CPU efficiency: Heterogeneous workloads might not be working well together in the same server. It is harder for kernel or the processor to manage workloads well in order to achieve high CPU utilization.

In one example of this, we leveraged the disaggregation concept to redesign Multifeed, a distributed backend system that is involved in News Feed. When a person goes to his or her Facebook feed, Multifeed looks up the user’s friends, finds all their recent actions, and decides what should be rendered based on a certain relevance and ranking algorithm. The disaggregation results with respect to infrastructure were impressive across multiple areas tracked:

Efficiency: 40% efficiency improvement via total memory and CPU consumption optimization for Multifeed Aggregator and Leaf infrastructure
Performance: 10% Multifeed aggregator latency reduction
Scalability: each component (i.e. Aggregator and Leaf) of Multifeed can be scaled independently
Reliability: increased resilience to traffic spikes; component failures (i.e. Aggregator and Leaf) are isolated.

Multifeed Building Blocks

To understand how we got these results, we should first break down the major high-level components of Multifeed.

Aggregator: The query engine that accepts user queries and retrieves News Feed info from backend storage. It also does News Feed aggregation, ranking and filtering, and returns results to clients. The aggregator is CPU intensive but not memory intensive.
Leaf: The distributed storage layer that indexes most recent News Feed actions and stores them in memory. Usually 20 leaf servers work as a group and make up one full replica containing the index data for all the users. Each leaf serves data retrieval requests coming from aggregators. Each leaf is memory intensive but not CPU intensive.
Tailer: The input data pipelines directs user actions and feedback into a leaf storage layer in real time.
Persistent storage: The raw logs and snapshots for reloading a leaf from scratch.

Multifeed, the Old Way: Aggregated Design

In the past, each Multifeed Aggregator was paired with one leaf, and they co-located on a shared server. Twenty such servers were grouped together, working as one replica and containing users’ News Feed data. Each replica had 20 aggregators and 20 leaves. Upon receiving a request, each aggregator fanned out the request to all the leaves to fetch data, rank and filter data, and return results to clients. We gave the Multifeed server high CPU power and large memory storage. Everything worked with this design, but it had some issues:

Reliability: It was not uncommon for an aggregator to get a heavy request from a user with a lot of friends, leading to a sudden spike in CPU usage. If the spike is large enough, as the aggregator consumed the CPU, the leaf running on the same server could become unstable. Any aggregator (and its corresponding server) that interacted with the leaf could also become unstable, leading to a cascade of problems within the replica.
Hardware scalability: We had many replicas in our infrastructure. The capacity was planned based on the CPU demand to serve user requests. We added hundreds of replicas to accommodate the traffic growth over time. Along the way, memory was added, coupled along with each CPU. It became clear that there was memory over-build since it was not the resource needed when more replicas were added.
Resource waste: Each tailer forwards user actions and feedback to a leaf server. It is the real-time data pipeline for Multifeed. The leaf server spends 10 percent of CPU to execute these real-time updates. The number of replicas we have means we are using unnecessary our CPU resources just keeping our leaf storage up to date.
Performance: Aggregator and leaf have very different CPU characteristics. Aggregator threads are competing with leaf threads for CPU cache, which leads to cache conflict and resource contention. There are also higher context switches because of many threads running.

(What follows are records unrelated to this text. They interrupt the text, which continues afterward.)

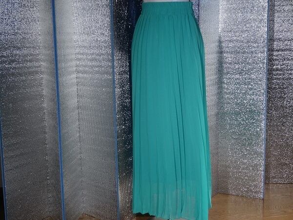 ロング丈さわやかグリーンのプリーツスカ-ト。しなやかで軽やかなシフォンが上品な印象をあたえています。ウエストは総ゴム仕様でサイズにゆとりがあります。ファスナーなし。裏地付。
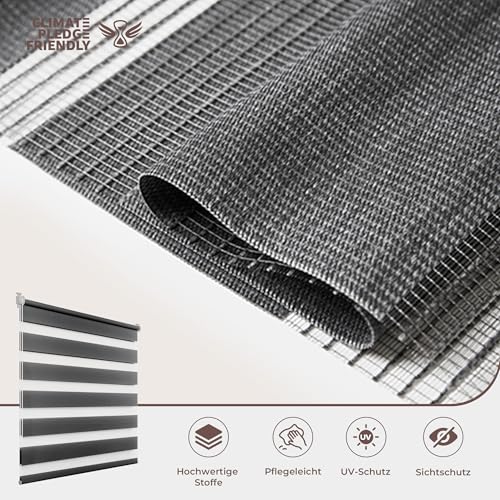 Allesin Doppelrollo Klemmfix ohne Bohren & mit Bohren, Duo Rollos für Fenster und Tür, Klemmrollo Fensterrollo lichtdurchlässig, Sichtschutz und Sonnenschutz, 95x140cm (BxH), Anthrazit
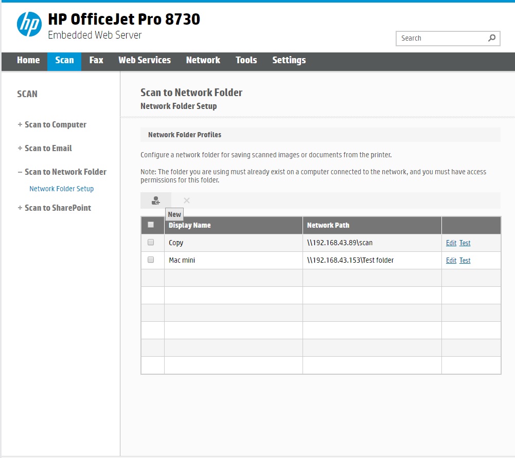 we have a very strange problem with our HP Color Laserjet MFP M277dw printer, when setting configuration for the "Scan to Folder" functionality.
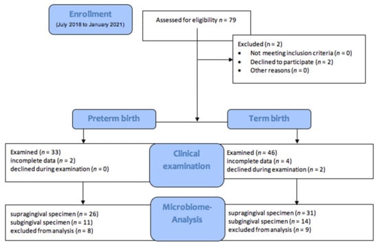 A total of 79 women were enrolled in this study: 33 had a PTB (≤37 weeks of pregnancy), and 46 had a TB (>37 weeks). Two patients with term birth declined during the examination (Figure 1).
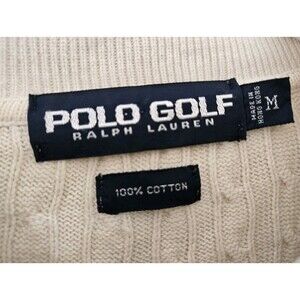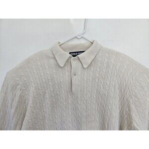 VTG Polo Ralph Lauren Mens Medium Cable Knit Collared Golf Sweater Off White
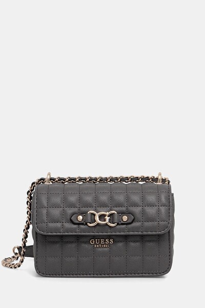 Небольшая сумочка из коллекции Guess. Модель на молнии, выполнена из экокожи. - Клапан застегивается на магнит. - Не подходит для формата А4. - Несъемный, нерегулируемый ремешок. - Модель на подкладке. - Имеет два внутренних кармана: один прорезной, другой на молнии. - Длина ремешка: 120 см. - Глубина: 7 см. - Высота: 12 см. - Ширина у основания: 17 см.
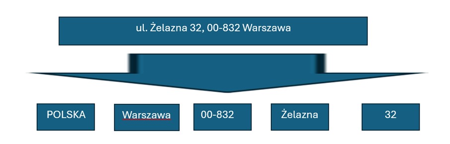 Dane jak: Kraj, Miasto, Ulica, Kod pocztowy, Numer budynku będą miały osobne pola
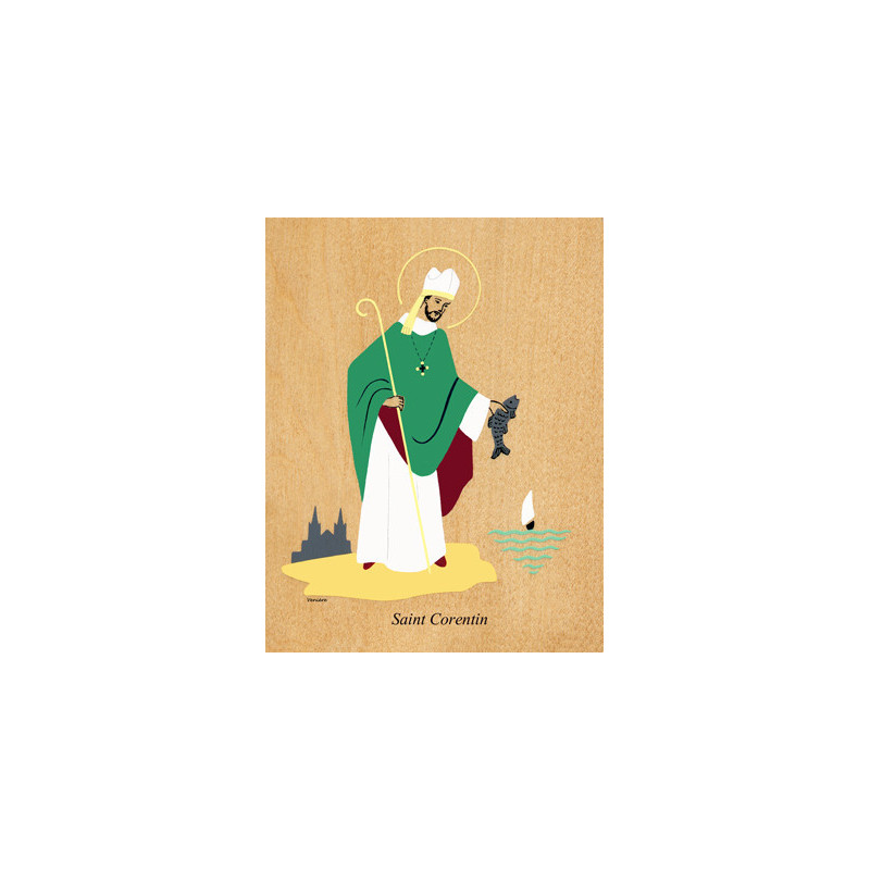Cadre religieux en bois laminé représentant Saint Corentin.
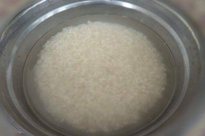 2、泡米:先把米在冷水里浸泡1个小时。这样可以让米粒充分的吸收水分。这样蒸出来米饭会粒粒饱满。
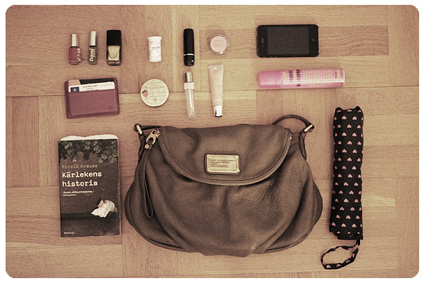 I lördags var det alltså meningen att jag skulle visa vad jag hade i min väska. Och innehållet ser nog ungefär likadant ut idag som den gjorde då. Vilket är ungefär så här (väskan är för övrigt från Marc by Marc Jacobs, inköpt i New York nu senast. Den är mjuk och lagom stor and I löv it.);
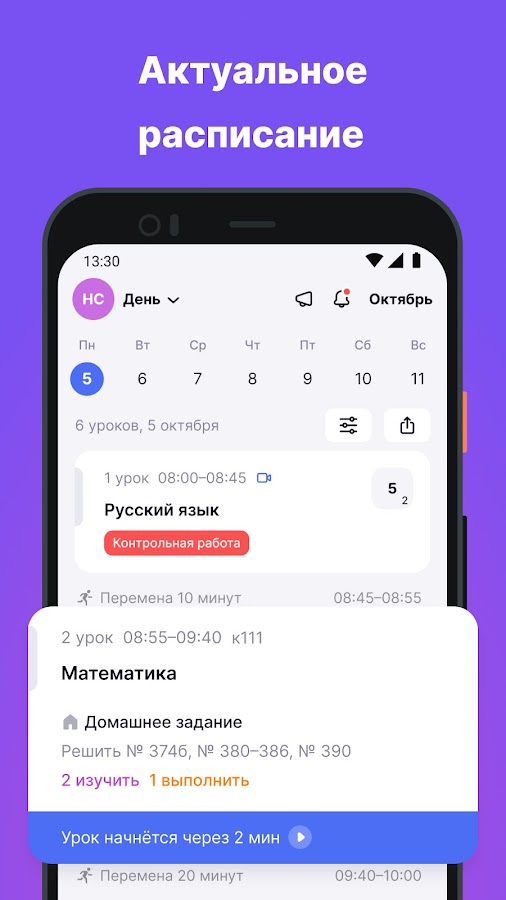 • Единое расписание уроков и дополнительных занятий в школе, запланированные школьные и личные события;
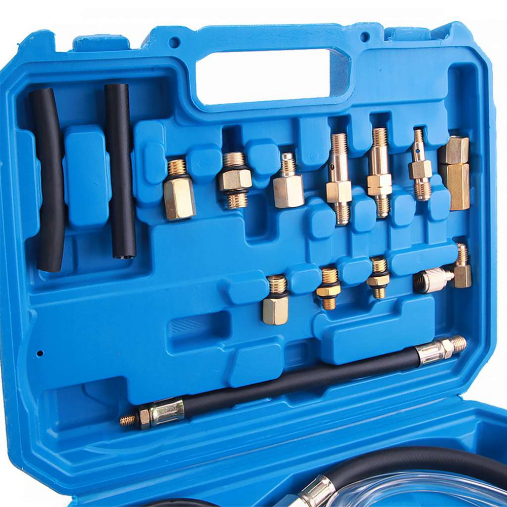 Значительную применяемость прибора обеспечивает комплект соединительных адаптеров, штуцеров шлангов и трубок. Используя входящие в комплект штуцера, трубки, адаптеры можно подключаться в разные части топливной системы автомобиля для определения работоспособности бензонасоса, пропускной способности топливного фильтра, определения давления в топливной рампе и многие другие тесты позволяющие определить состояние топливной системы автомобиля.
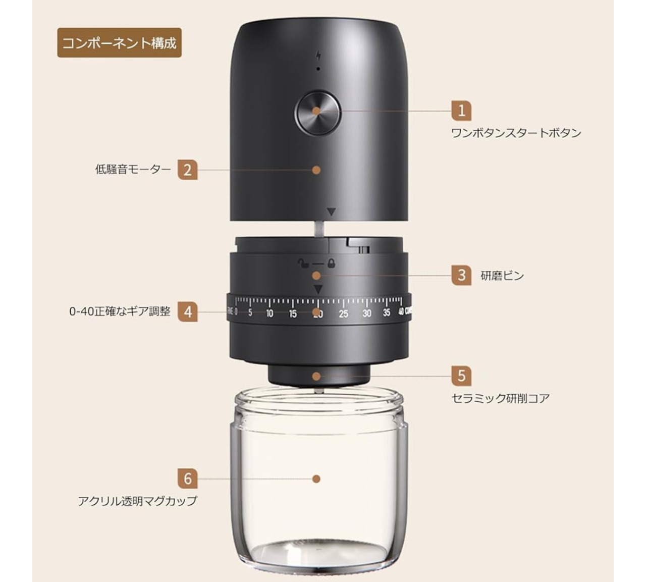 【ユニークなセラミック芯&ウォッシャブル】を採用。セラミックグラインダー芯は硬くて錆びにくいセラミック素材を採用し、粉砕時に熱が発生しないので、コーヒー豆の酸化や香りの低下を抑えます。コーヒーグラインダー電動は、本体部分、豆入れ部分、粉入れ部分、グラインダー芯部分をそれぞれ交換することで、簡単に分離することができます。コーヒーグラインダー電動は、本体部分は乾いた布で拭く程度で、その他の部分は水で洗うことができます。

Disaggregate Multifeed Design and Experiment

With the issues and problems identified, the question then became: How can we build the hardware and change the software product architecture to address these issues? After in-depth investigation and analysis, we decided to implement the disaggregated hardware/software design approach for Multifeed. First, we designed some servers to have intensive CPU capacity (server type A) and some to have large memory storage (server type B). Then we put aggregator on server type A and leaf on server type B, which gave us the ability to optimize the thread config, reduce context switches, enable better NUMA balancing, and also adjust the ratio between aggregators and leaves.

The disaggregated design has demonstrated improvements in our internal experiments:

Optimal hardware/service usage: By adjusting the ratio between the aggregators and leaves, we can reduce the overall CPU-to-RAM ratio from 20:20 to 20:5 or 20:4. This is a 75 percent to 80 percent reduction in RAM consumption.
Service capacity scalability: The aggregator and leaf capacity can be scaled up and down independent of each other. This allows software to be written with more flexibility.
Performance: Average client latency from aggregator is 10 percent lower.
Reliability: The disaggregated design is more resilient during a sudden write traffic spike. Any aggregator failure is an independent event, it won’t affect other aggregators and leaves.

With such encouraging results, we deployed the designs quickly. We went from conceptual design to final deployment in only a few months, and retrofitted the existing Multifeed config with the new disaggregated architecture. Next up: We are exploring disaggregated flash sled for other Facebook services such as Search, Operational Analytics and Database. We are optimistic that the benefits will be significant.